A juzgar por los hechos, la historia del título que obtuvo Alegre es digna de un sketch de Diego Capusotto, con quien compartió pantalla entre los años 1999 y 2002. Carece de seriedad. Sin embargo, detrás de la postal de campeón, hay un trasfondo más oscuro y riesgoso que merece ser advertido. Este tipo de programas emergentes transgreden el reglamento y las normas mínimas de seguridad que requiere la práctica profesional de boxeo. Además, la mayoría de los protagonistas son aficionados con escasos o nulos antecedentes boxísticos, púgiles suspendidos por la FAB por bajos rendimientos o verdaderos probadores entrados en años y kilos.
"La FAB tiene mucha burocracia para que nosotros trabajemos. Es una injusticia dejarle porcentajes de nuestras bolsas a promotores si somos nosotros, los boxeadores, los que nos subimos al ring a dejar la salud a golpes", se queja Alegre, quien hizo su última pelea con licencia FAB el 12 de marzo de 1994, contra un ascendente Raúl Pepe Balbi, que siete años después, tras destronar en el Palacio de los Príncipes de París al francés Julien Lorcy, se consagró campeón mundial liviano AMB. Desde entonces, el peregrinaje boxístico de Alegre se perdió en ruinosos rings del conurbano a expensas de alguna moneda que ayudara a parar la olla para sus siete hijos. Detrás de la organización del ignoto Consejo Internacional de Boxeo está Daniel Gorena, un experto talabartero que supo fabricar cinturones mundiales para organismos prestigiosos como el Consejo Mundial de Boxeo y, paradójicamente, la FAB. "Nosotros tratamos de darle una mano a los boxeadores que están proscriptos por la Federación. A diferencia de los otros pseudo-organismos que solo les interesa el negocio, tenemos un rol social. No soy un advenedizo en el mundo del boxeo, llevo más de 20 años en esto y sé cómo puedo darle a Omar un retiro digno", alimenta Gorena, que parece minimizar la precariedad de las programas y la integridad física de los boxeadores que combaten en su entidad.
En la Argentina, los combates que se organizan sin la intervención de una entidad deportiva autorizada son castigados por el Código Penal bajo la figura de riña.
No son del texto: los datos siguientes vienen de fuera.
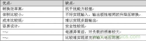 表 1非隔離電源的優缺點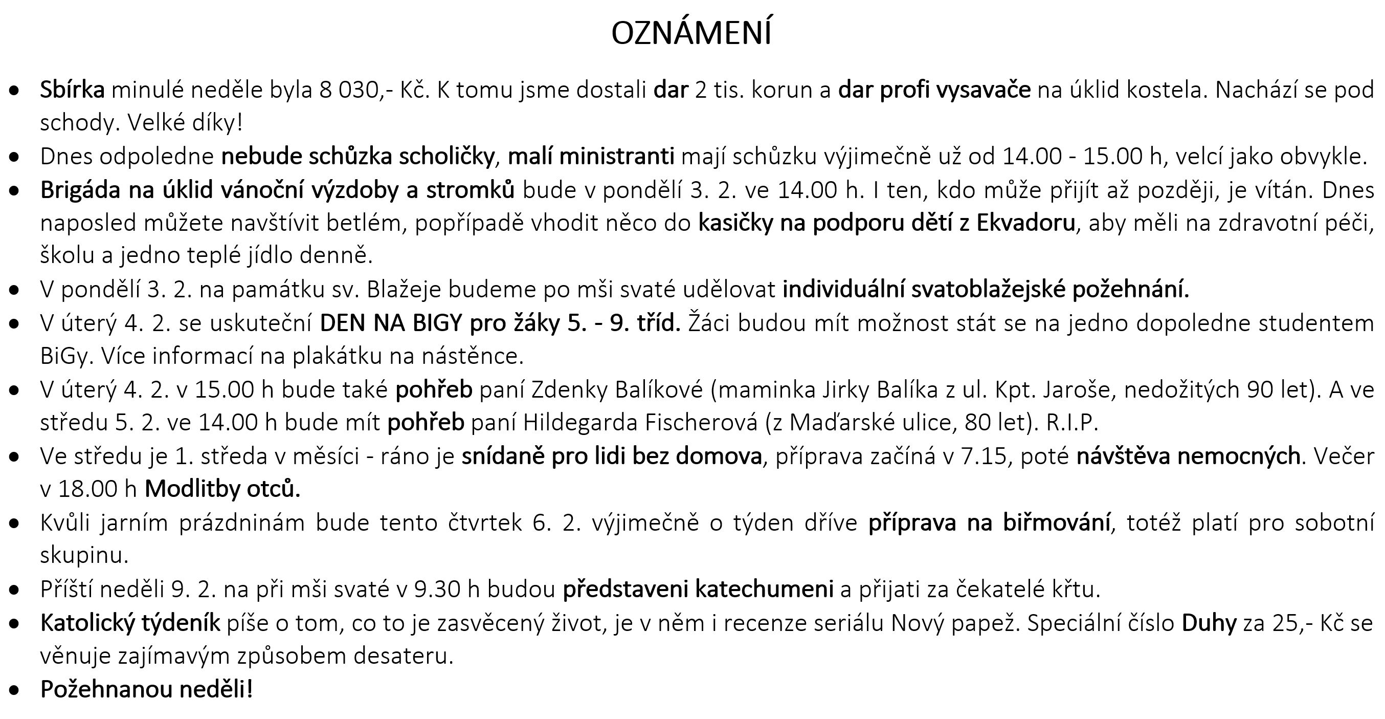 Ohlášky k 2. únoru V neděli 2. února slavíme SVÁTEK UVEDENÍ PÁNĚ DO CHRÁMU – HROMNICE. Prohlédněte si pořad bohoslužeb a ohlášky. Previous postOhlášky k 26. lednu Next postOhlášky k 9. únoru Komentáře nejsou povoleny.

Lamentablemente, más del 60 por ciento de las peleas que se organizan hoy en territorio nacional son fiscalizadas por entidades carentes de personería jurídica, convirtiendo al pugilismo vernáculo en un verdadero tráfico de carne humana.
La historia detrás de la historia
Es un hijo del esfuerzo y las limitaciones. También de la lucha y los pequeños sueños. Sin la gloria de los campeones mundiales, pero con el silencio y la necesidad que distingue a los verdaderos obreros del ring, Alegre es un optimista del boxeo. Hoy, a los 57 años, lejos de sus épocas de esplendor y con el cuerpo curtido entre castigos, cree que todavía tiene algo más para dar en un deporte impiadoso con la salud. Su apuesta riesgosa no tiene berretines de grandeza, es contra su propio destino. "Mi cuerpo y mi mente me exigen boxear; yo soy boxeador. Es la mejor manera de sentirme pleno", admite Omar, sentado en una desvencijada silla del sector de encomiendas del ferrocarril Roca, en Constitución, donde recibe a LA NACION y echa a rodar la película de su vida.
La fábula de Dinamita Alegre, como se lo conoce en el boxeo, tiene ribetes risueños. Nació en Chaco pero de pibe emigró a Buenos Aires con la esperanza de escaparle a la pobreza. Se metió a boxear por necesidad y comenzó a soñar con ser como Carlos Monzón. Sin embargo, su ímpetu le dio para llegar a ser un buen probador, pero no para las grandes citas en el ring. Entonces, encontró la popularidad de manera inesperada, cuando le llegó la oportunidad para protagonizar a "Manotazo Fernández", el boxeador que se sentía mujer en el ciclo televisivo Todo por dos pesos, programa humorístico de Fabio Alberti y Diego Capusotto, en 1999. Trabajó de extra en varias películas, ofició de personal de seguridad, fue cartonero y, desde hace 30 años, se gana la vida como maletero en la estación de trenes de Constitución. En definitiva, su mundo es ése. "Yo camino a cualquier hora y nadie me toca, la vagancia me respeta, me tiene afecto. Si me vienen a joder les digo ‘loco, tocá que está todo piola’. Sé muy bien los códigos de la calle", comenta.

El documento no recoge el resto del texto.